§ ACTIVITY
Could you set down exactly the lines in the records below between the line holding "La planche sensorielle" and the line holding "Для каждого блока", inclusive?

§ LISTED ENTRIES

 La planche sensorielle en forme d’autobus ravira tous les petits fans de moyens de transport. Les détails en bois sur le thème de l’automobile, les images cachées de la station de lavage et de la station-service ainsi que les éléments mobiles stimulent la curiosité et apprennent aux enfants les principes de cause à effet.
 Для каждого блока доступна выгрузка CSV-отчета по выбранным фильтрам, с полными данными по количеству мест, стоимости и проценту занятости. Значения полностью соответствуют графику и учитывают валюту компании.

...

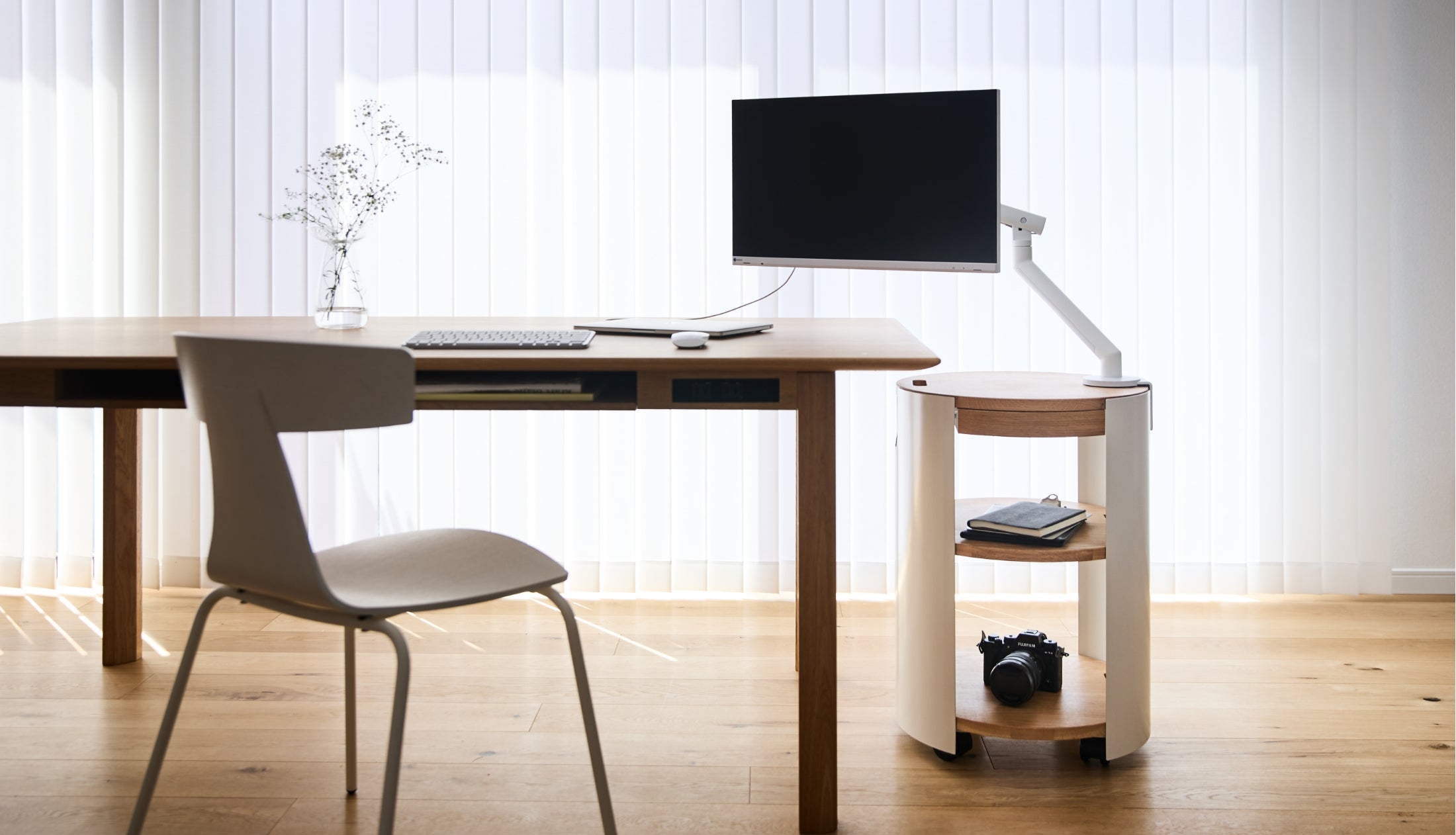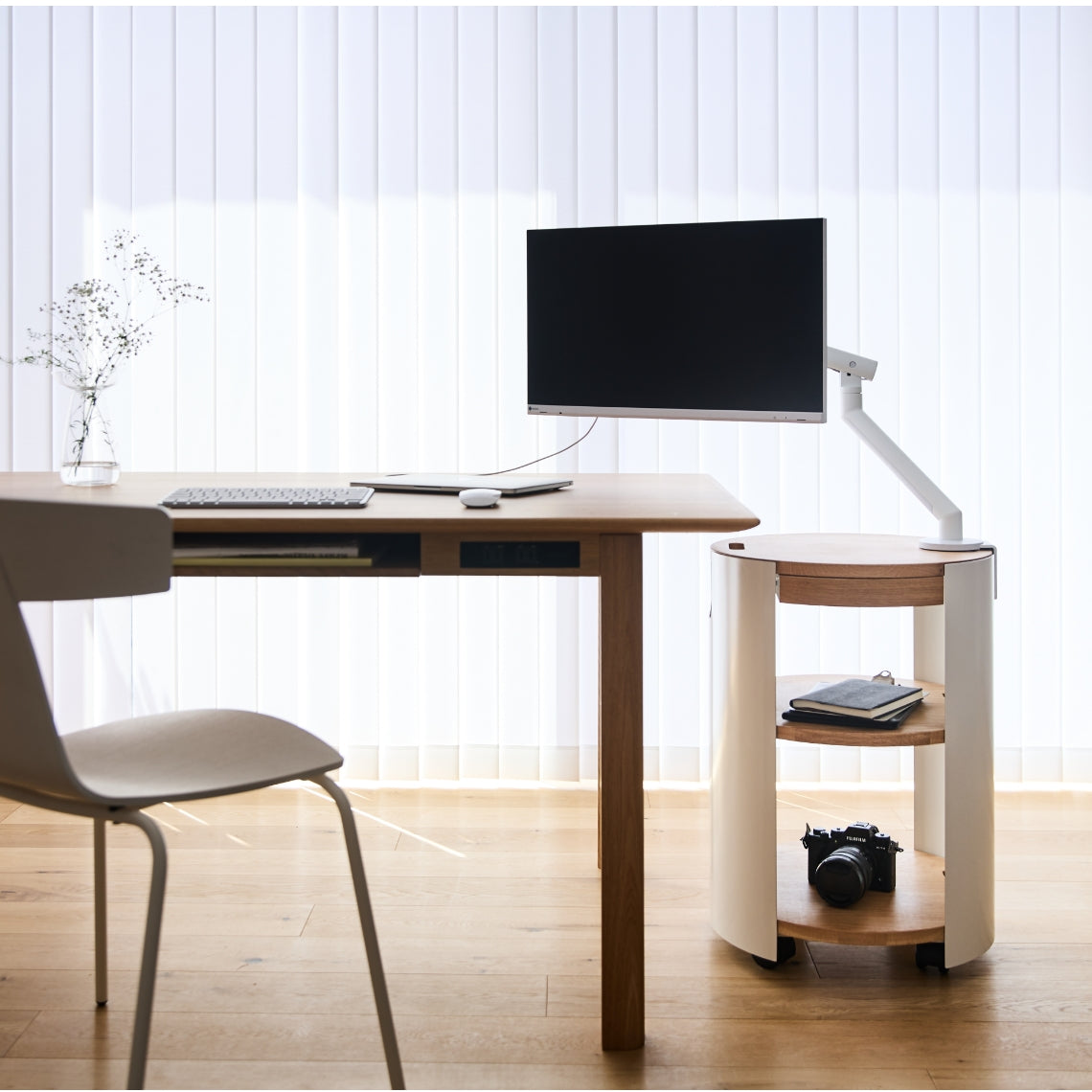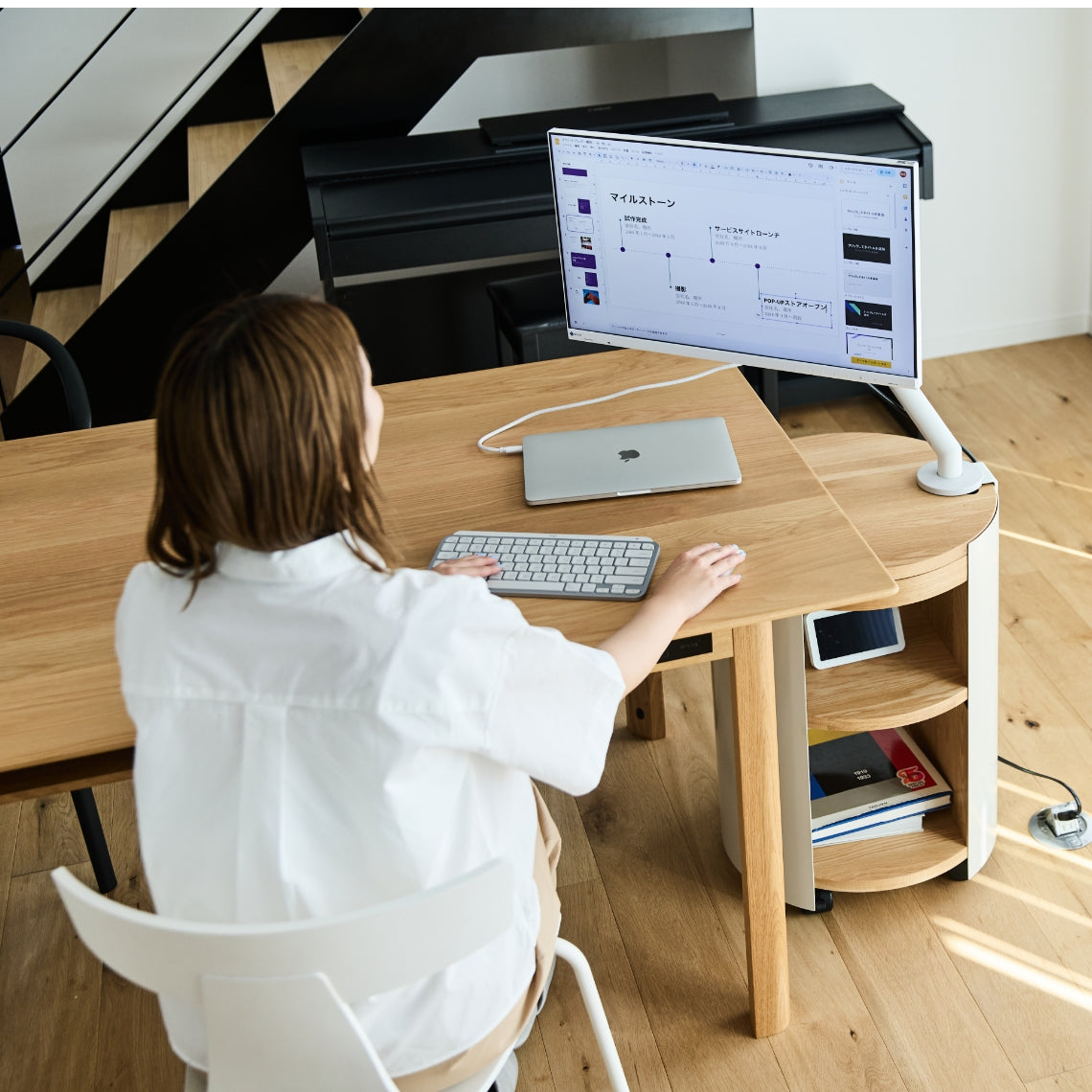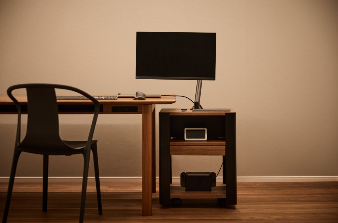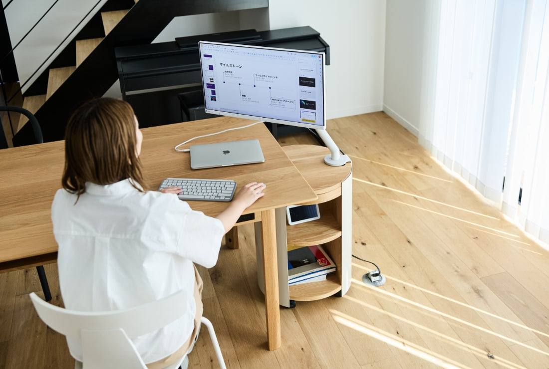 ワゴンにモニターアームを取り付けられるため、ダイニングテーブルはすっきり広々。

§ TASK RESPONSE
 La planche sensorielle en forme d’autobus ravira tous les petits fans de moyens de transport. Les détails en bois sur le thème de l’automobile, les images cachées de la station de lavage et de la station-service ainsi que les éléments mobiles stimulent la curiosité et apprennent aux enfants les principes de cause à effet.
 Для каждого блока доступна выгрузка CSV-отчета по выбранным фильтрам, с полными данными по количеству мест, стоимости и проценту занятости. Значения полностью соответствуют графику и учитывают валюту компании.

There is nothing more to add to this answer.